The Supreme Court on Thursday, June 17, 2010 decided an “almost” landmark case involving property rights in Stop the Beach Renourishment, Inc. v. Florida Dep’t of Environmental Protection et al., 560 U.S. ___ (2010).  The main issues before the Court were (1) whether there is such a thing as a “judicial taking” when a state court declares established property rights to be nonexistent, thus implicating the Fifth and Fourteenth Amendments; (2) what the constitutional test should be if there is in fact a “judicial taking”; and (3) whether the Florida Supreme Court effected such a taking with respect to the facts in issue.  While a plurality held that the judicial branch may violate the Fifth and Fourteenth Amendments when it “takes” property without just compensation—the same as the other branches may—this view fell short of a majority.  The Court, however, unanimously held that the Florida Supreme Court did not take Petitioner’s members’ property without just compensation (Justice Stevens recused himself from deciding the case, quite understandably, given his ownership of a Florida beachfront condo).    

  1. Legal Background and Relevant Facts of the Case 

In Florida, with respect to littoral property owners, the State owns the land permanently submerged under water as well as the foreshore, which consists of the land between the low-tide line and the mean high-water line (this is generally the part of the beach that gets wet during the day as the tide rises and recedes).  At common law, the littoral property owners own up to the mean high-water line.  Also, littoral owners have “special rights” with regard to the water and the foreshore, “which Florida considers to be property, generally akin to easements.”  These “special rights” include:  (1) the right of access to the water; (2) the right to use the water for certain purposes; (3) the right to an unobstructed view of the water; and (4) the right to receive “accretions” and “relictions” to the littoral property. 

“Accretions are additions of alluvion (sand, sediment, or other deposits) to waterfront land; relictions are lands once covered by water that become dry when the water recedes.”  The littoral property owner receives these accretions and relictions.  However, accretions and relictions must occur gradually and imperceptibly over time.  A sudden change (through a hurricane or even an artificial event) is an avulsion and the property boundary remains the same as it was prior to the avulsion (at the mean high-water line before the avulsive event). 

In 1961 the Florida Legislature passed the “Beach and Shore Preservation Act” which established procedures for restoration and renourishment of beaches.  A municipality may apply to the State for funding and permits to restore an eroded beach.  The Act provides that once a project is undertaken, an erosion-control line is established, usually at the current mean high-water line.  Generally, the beach renourishment consists of dumping sand on the previously eroded portion of the land (seaward of the erosion-control line).  As a consequence of the renourishment under the Act, the erosion-control line replaces the mean high-water line as the boundary between the littoral property and state-controlled land.  The establishment of the erosion-control line in effect extinguishes the littoral right of property to accretions and relictions.  However, littoral property owners continue to enjoy the other common-law “special rights” as described above. 

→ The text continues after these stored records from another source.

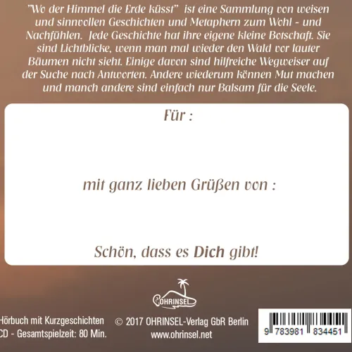 Schreibe die erste Bewertung für „Ohrinsel GbR Romane·Nach Ländern-Wo der Himmel die Erde küsst“ Antworten abbrechen
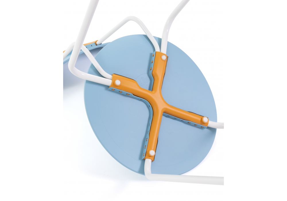 Mariolina von Enzo Mari entworfen, ist ein stapelbarer Stuhl mit verchromter oder lackierter Stahlstruktur, Sitz und Rückenlehne aus Polypropylen. Erhältlich in verschiedenen Ausführungen.
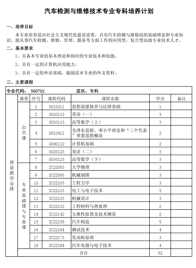 专科培养计划-专业代码:560702 汽车检测与维修技术专业
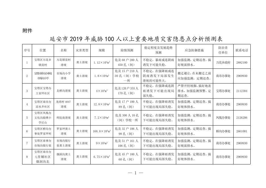 附件:延安市2019年威胁100人以上重要地质灾害隐患点分析预测表.doc
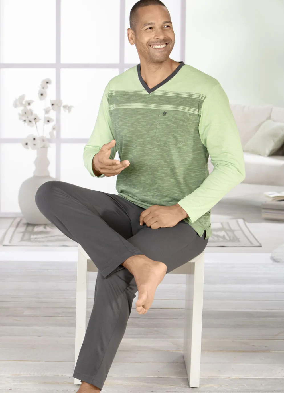 Schlafanzug von „hajo“! Oberteil mit garngefärbtem Ringeldessin in farbharmonischen Grüntönen, V-Ausschnitt, aufgesetzter Brusttasche mit Stickereimotiv sowie kleinen Seitenschlitzen. Grafitfarbene, lange Hose mit Durchzugsband im Dehnbund, Seitentaschen und offenen Beinabschlüssen.
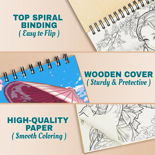 Netecom Pretty Kimono Coloring Book Spiral Bound for...
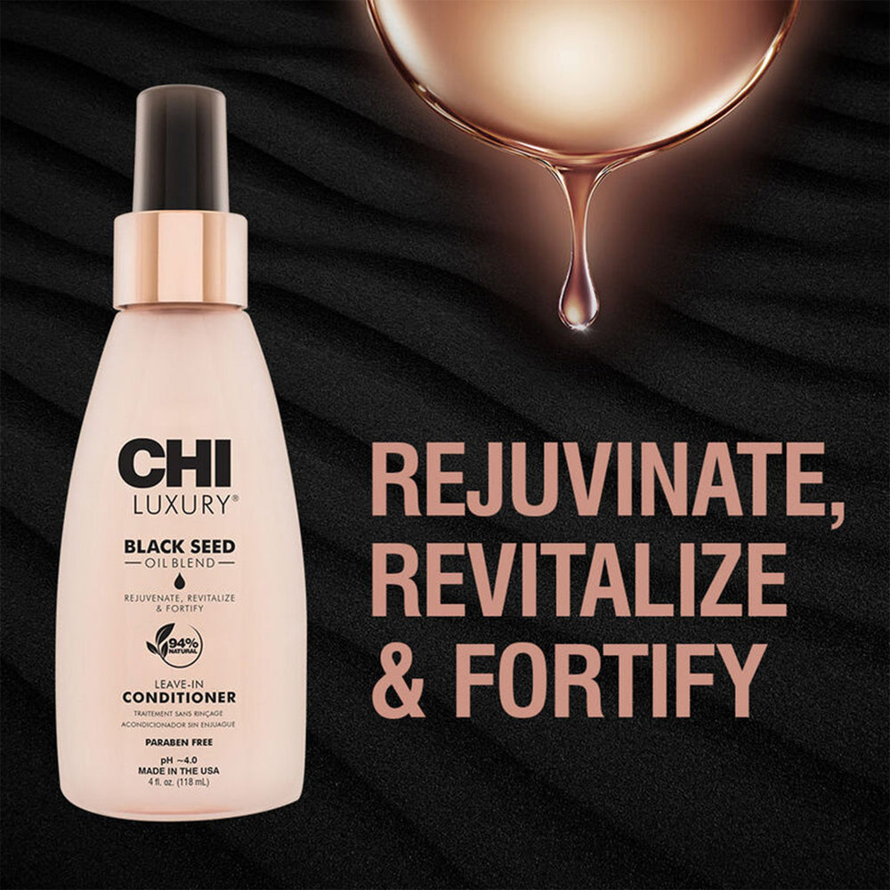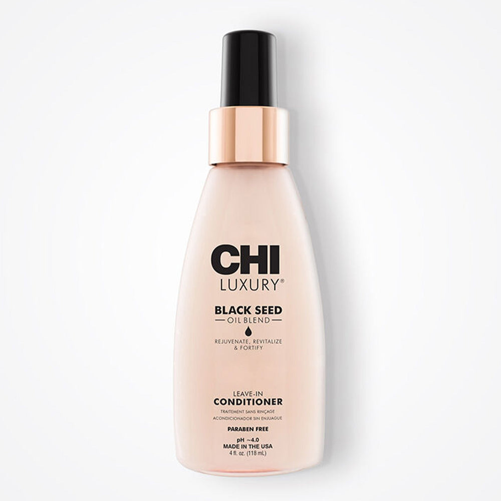 The CHI Luxury Black Seed Oil Blend Leave-In Conditioner delivers instant softness and manageability with a lightweight, non-greasy feel. This nourishing spray helps detangle, smooth frizz, and add a natural healthy-looking shine while protecting hair before styling. Perfect for daily moisture on all hair types.
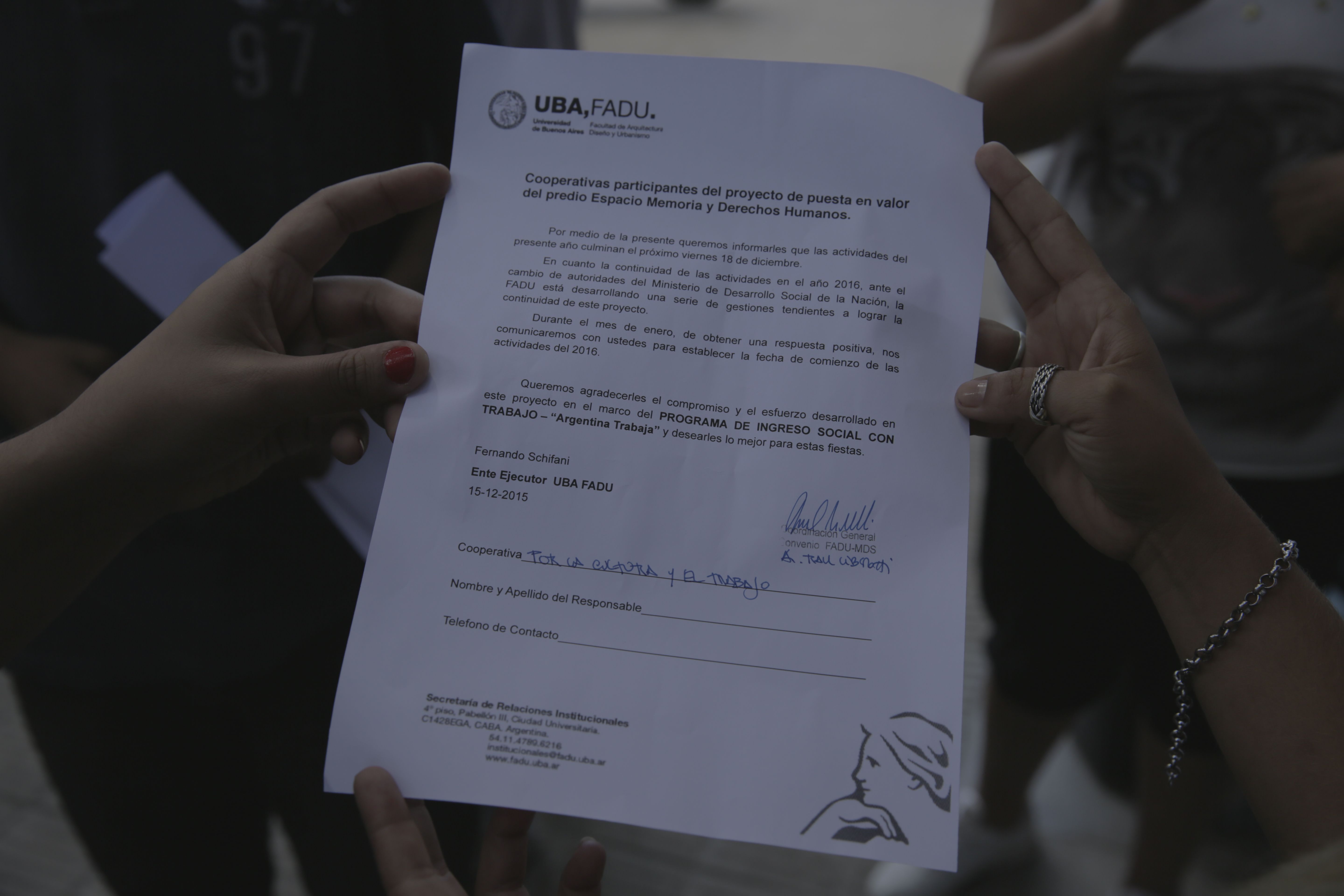Los cooperativistas ˮ“ en un 70 por ciento mujeres- que durante años han acondicionado, construido y mantenido los edificios del predio de la ex Esma, ubicado en Av. Libertador 8151, recibieron la noticia por una notificación cursada por el Ente Ejecutor FADU. Por la tarde hicieron pública la notificación recibida, la cual informa que "ante el cambio de autoridad de gestión, se están desarrollando una serie de gestiones", sin presentar novedad o indicios de dar marcha atrás con la repentina medida.

In 2003, two counties applied for the funding and permits necessary to restore beaches, affecting the Petitioner.  Petitioner is a nonprofit corporation whose members are Florida beachfront property owners whose property eroded due to several hurricanes.  The Florida District Court of Appeal held that the Act eliminated two of the Petitioner’s members’ littoral rights, namely the right to receive accretions and relictions and the right to have their property come into contact with the water.  It was found that the Act resulted in an unconstitutional taking.  Upon a certified question, the Florida Supreme Court held otherwise:  (1) finding that the Court of Appeal failed to consider the doctrine of avulsion; (2) describing the right to accretions and relictions as a “future contingent interest” and not a vested property right; and (3) holding that there is no littoral right to contact with the water, other than the right of access (with which the Act does not infringe). 

Petitioner challenges the Florida Supreme Court’s decision declaring these supposed littoral property rights nonexistent as a “taking” requiring just compensation.  

  1. The Plurality Opinion 

In an opinion by Justice Scalia, the plurality addressed the threshold question of whether a judicial determination could effectuate a taking.  

The Takings Clause (unlike, for instance, the Ex Post Facto Clauses, see Art. I, §9, cl. 3; §10, cl. 1) is not addressed to the action of a specific branch or branches.  It is concerned simply with the act, and not with the governmental actor (“nor shall private property be taken” (emphasis added)). There is no textual justification for saying that the existence or the scope of a State’s power to expropriate private property without just compensation varies according to the branch of government effecting the expropriation.  Nor does common sense recommend such a principle.  It would be absurd to allow a State to do by judicial decree what the Takings Clause forbids it to do by legislative fiat.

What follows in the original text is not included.